I feel it necessary to point out that Margo has a typo in her data: she gives "14:13 13:12 8:7" as the adjacent ratios for both higher septimal Shur and lower septimal Shur, but from looking at the cumulative scale degrees, we can see that higher septimal Shur should be "13:12 14:13 8:7", so that's how I've analyzed it.

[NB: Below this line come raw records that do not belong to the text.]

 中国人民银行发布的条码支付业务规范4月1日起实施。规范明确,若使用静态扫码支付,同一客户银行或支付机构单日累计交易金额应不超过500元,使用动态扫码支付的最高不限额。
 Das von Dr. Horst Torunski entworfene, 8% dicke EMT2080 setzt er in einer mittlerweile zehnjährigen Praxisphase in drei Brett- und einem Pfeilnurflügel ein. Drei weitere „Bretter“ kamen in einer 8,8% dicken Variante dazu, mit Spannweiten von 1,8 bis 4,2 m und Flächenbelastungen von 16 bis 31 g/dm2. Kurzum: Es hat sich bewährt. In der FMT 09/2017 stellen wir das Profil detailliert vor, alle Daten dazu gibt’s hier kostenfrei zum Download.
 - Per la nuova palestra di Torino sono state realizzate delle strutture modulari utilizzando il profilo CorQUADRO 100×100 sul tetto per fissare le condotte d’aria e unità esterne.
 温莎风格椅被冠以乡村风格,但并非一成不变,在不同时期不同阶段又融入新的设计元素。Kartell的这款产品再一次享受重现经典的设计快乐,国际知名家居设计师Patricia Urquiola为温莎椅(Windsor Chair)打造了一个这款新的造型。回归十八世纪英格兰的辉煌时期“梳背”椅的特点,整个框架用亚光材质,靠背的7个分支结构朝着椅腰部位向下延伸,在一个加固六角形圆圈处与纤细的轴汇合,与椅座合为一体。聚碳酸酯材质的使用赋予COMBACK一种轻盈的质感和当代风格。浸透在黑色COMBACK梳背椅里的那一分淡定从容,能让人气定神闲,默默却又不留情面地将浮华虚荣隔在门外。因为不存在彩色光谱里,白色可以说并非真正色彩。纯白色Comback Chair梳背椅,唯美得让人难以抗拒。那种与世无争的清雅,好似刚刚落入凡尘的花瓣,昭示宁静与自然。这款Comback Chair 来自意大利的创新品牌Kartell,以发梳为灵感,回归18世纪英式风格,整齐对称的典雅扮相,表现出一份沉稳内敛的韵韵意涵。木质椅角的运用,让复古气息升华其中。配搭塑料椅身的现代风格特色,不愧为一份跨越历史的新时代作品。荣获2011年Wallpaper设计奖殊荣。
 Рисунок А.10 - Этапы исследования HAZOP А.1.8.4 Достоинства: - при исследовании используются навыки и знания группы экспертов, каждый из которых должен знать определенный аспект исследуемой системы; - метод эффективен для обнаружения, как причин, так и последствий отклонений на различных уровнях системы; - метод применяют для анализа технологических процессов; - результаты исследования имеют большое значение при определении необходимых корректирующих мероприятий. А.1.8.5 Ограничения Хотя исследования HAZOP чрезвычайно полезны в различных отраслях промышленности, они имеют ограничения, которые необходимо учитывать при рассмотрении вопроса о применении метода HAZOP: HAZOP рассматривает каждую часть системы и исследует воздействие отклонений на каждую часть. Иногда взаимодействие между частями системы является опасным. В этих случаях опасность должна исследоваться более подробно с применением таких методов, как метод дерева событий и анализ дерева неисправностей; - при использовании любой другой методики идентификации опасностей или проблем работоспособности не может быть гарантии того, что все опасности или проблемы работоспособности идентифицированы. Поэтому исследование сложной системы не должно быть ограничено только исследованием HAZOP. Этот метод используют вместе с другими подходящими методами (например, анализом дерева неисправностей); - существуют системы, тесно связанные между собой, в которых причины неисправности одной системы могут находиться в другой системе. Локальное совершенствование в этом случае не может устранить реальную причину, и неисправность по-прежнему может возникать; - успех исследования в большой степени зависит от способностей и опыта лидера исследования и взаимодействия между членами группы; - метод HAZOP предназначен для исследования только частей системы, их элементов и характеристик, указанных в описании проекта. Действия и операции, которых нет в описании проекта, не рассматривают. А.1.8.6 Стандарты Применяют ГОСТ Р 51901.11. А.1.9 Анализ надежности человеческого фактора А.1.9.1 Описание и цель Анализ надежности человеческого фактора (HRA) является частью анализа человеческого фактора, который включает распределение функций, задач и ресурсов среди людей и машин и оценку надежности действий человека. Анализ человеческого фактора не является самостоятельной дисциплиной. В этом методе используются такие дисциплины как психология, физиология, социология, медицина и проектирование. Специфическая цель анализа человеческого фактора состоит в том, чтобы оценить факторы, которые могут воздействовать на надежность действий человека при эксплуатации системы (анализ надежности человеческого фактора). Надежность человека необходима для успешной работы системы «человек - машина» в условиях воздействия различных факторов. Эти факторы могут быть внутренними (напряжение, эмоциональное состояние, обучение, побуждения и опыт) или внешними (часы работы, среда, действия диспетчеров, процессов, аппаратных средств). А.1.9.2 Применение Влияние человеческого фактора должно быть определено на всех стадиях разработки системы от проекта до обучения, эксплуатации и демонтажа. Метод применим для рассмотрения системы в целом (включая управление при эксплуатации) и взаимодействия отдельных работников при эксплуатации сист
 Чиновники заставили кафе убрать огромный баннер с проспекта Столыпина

All of the tetrachords end up being permutations of these three numerically sorted tetrachords:

[9, 10, 17]
[9, 12, 15]
[10, 11, 15]

Margo notates most of the tetrachords with Turkish simgeler (plural of "simge", meaning a sign/token/symbol). She uses "T" for a "tanîni", i.e. intervals of roughly a major second (perhaps 182 to 232 cents), which for her include lots of 9/8s and a few 8/7s. These are mapped to 15 and 17 steps of 87-EDO respectively. In occasional comments in the paper, outside the main data sections, she uses "B" for "bakiye", intervals of roughly a minor seconds (perhaps 80 to 112 cents). She also uses "J" extensively in the data section for the neutral seconds or "mücenneb", which get mapped to one of [9, 10, 11, 12] steps of 87-EDO. These fall in the range like (128 to 165) cents for the neutral seconds that she considers, but it's common for neutral seconds to fill to full range of (113 to 181) cents between m2 and M2 in other makam analysis, particularly Pythagorean / 53-EDO analysis where a small neutral second (kücük mücenneb, simge "S") and a large  neutral second (büyük mücenneb, simge "K") sit directly on those extremes: these are respectively a comma sharp relative to m2 and a comma flat relative to M2. She doesn't use "S" and "K" though, just "J" for all mücenneb. I'm probably using singular turkish words when I should be using plural. My apologies.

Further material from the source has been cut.